Automated partial resuscitative endovascular balloon occlusion of the aorta reduces blood loss and hypotension in a highly lethal porcine liver injury model

J Trauma Acute Care Surg. 2023 Aug 1;95(2):205-212. doi: 10.1097/TA.0000000000003962. Epub 2023 Apr 11.

Abstract

Background: Partial and intermittent resuscitative endovascular balloon occlusion of the aorta (pREBOA and iREBOA, respectively) are lifesaving techniques designed to extend therapeutic duration, mitigate ischemia, and bridge patients to definitive hemorrhage control.
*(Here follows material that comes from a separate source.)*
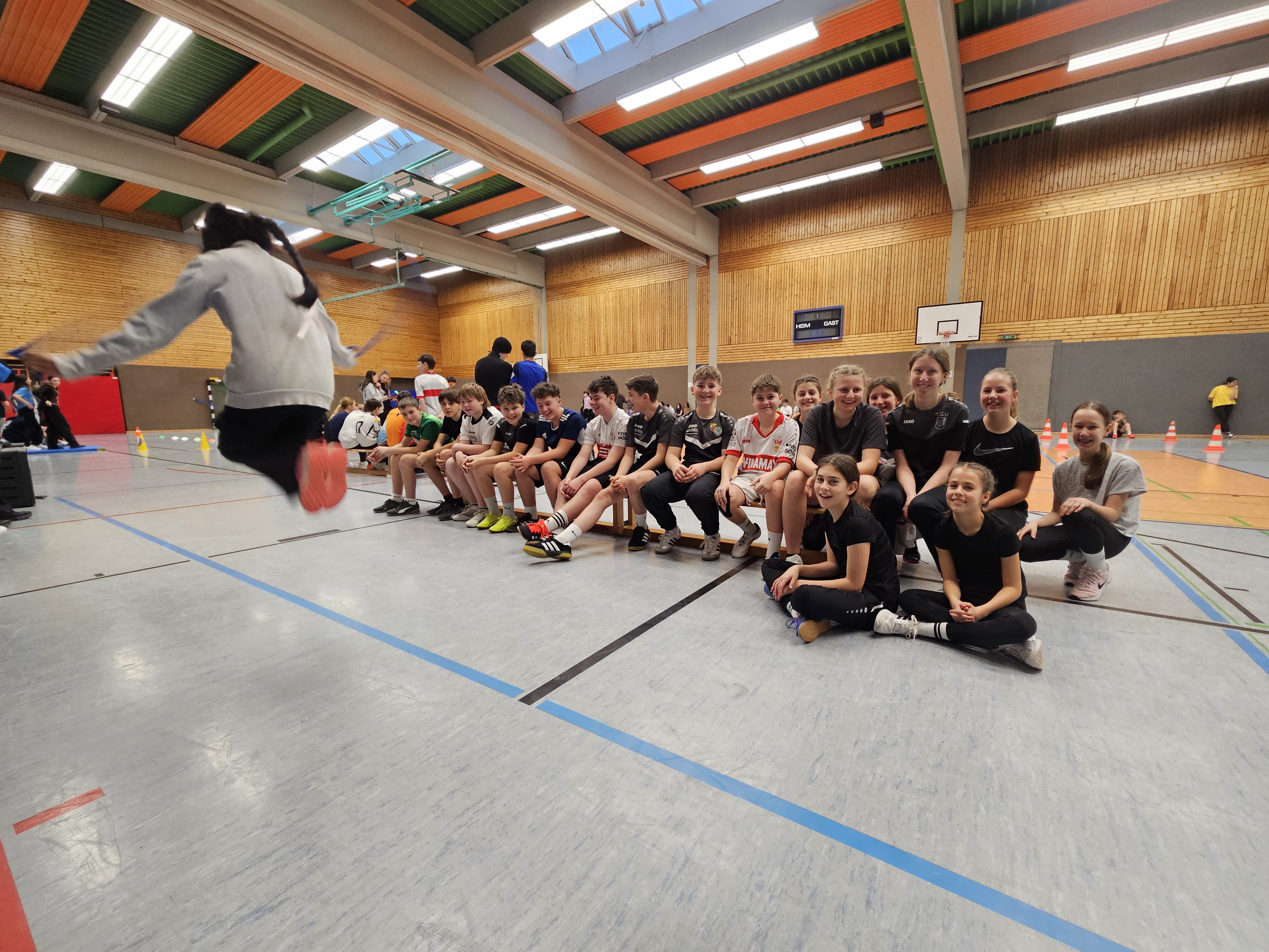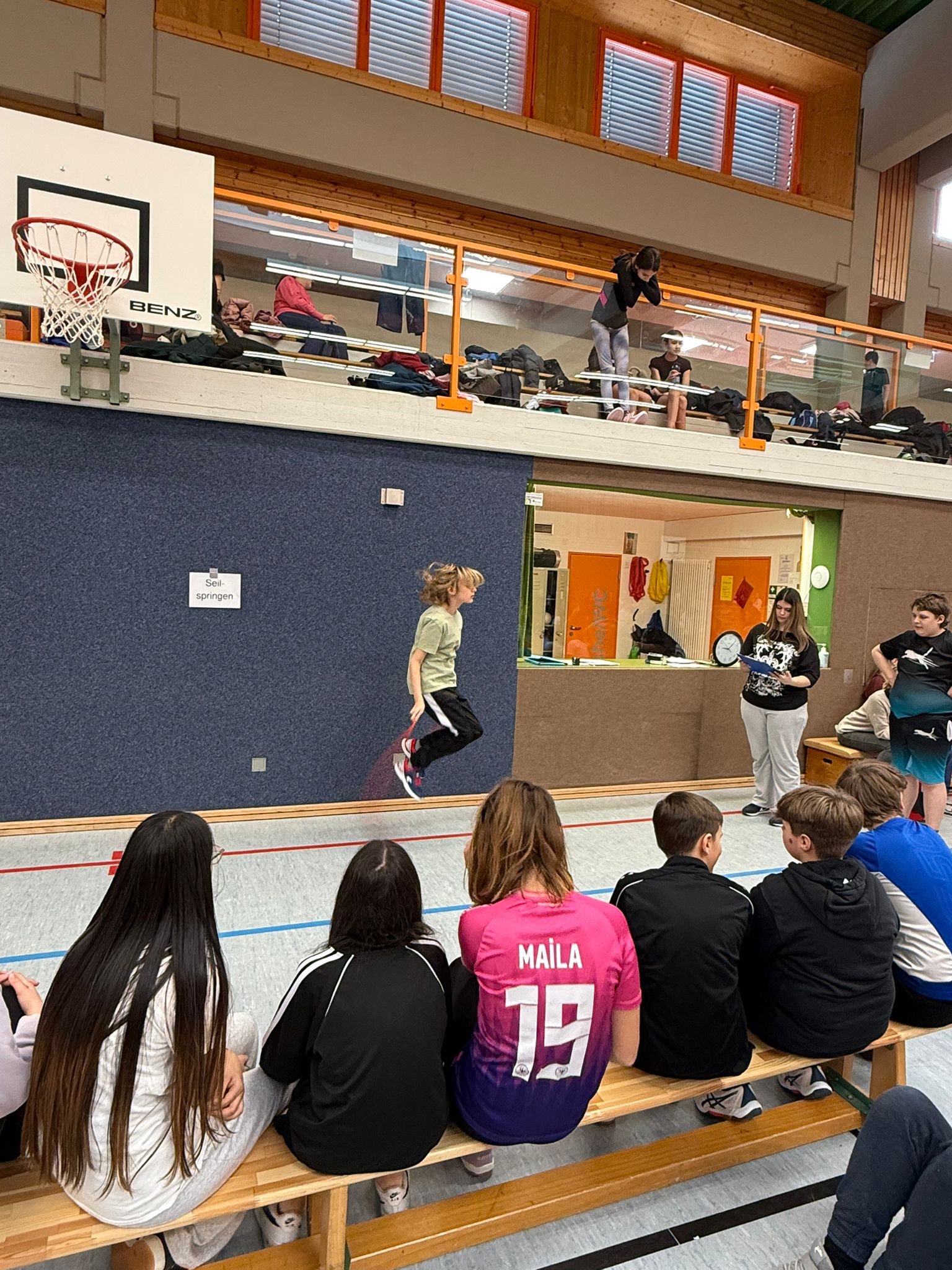 Als Klassenwettbewerbe gab es zusätzlich noch drei weitere Stationen (Seilspringen, Ball jonglieren und Prellen). Hier mussten die Schüler/innen 20 Sekunden ihr Bestes geben. Anschließend wurde der Durchschnitt der Klasse berechnet und so die Platzierungen ermittelt.

We hypothesized that automated pREBOA balloon titration compared with automated iREBOA would reduce blood loss and hypotensive episodes over a 90-minute intervention phase compared with iREBOA in an uncontrolled liver hemorrhage swine model.

Methods: Twenty-four pigs underwent an uncontrolled hemorrhage by liver transection and were randomized to automated pREBOA (n = 8), iREBOA (n = 8), or control (n = 8). Once hemorrhagic shock criteria were met, controls had the REBOA catheter removed and received transfusions only for hypotension. The REBOA groups received 90 minutes of either iREBOA or pREBOA therapy. Surgical hemostasis was obtained, hemorrhage volume was quantified, and animals were transfused to euvolemia and then underwent 1.5 hours of automated critical care.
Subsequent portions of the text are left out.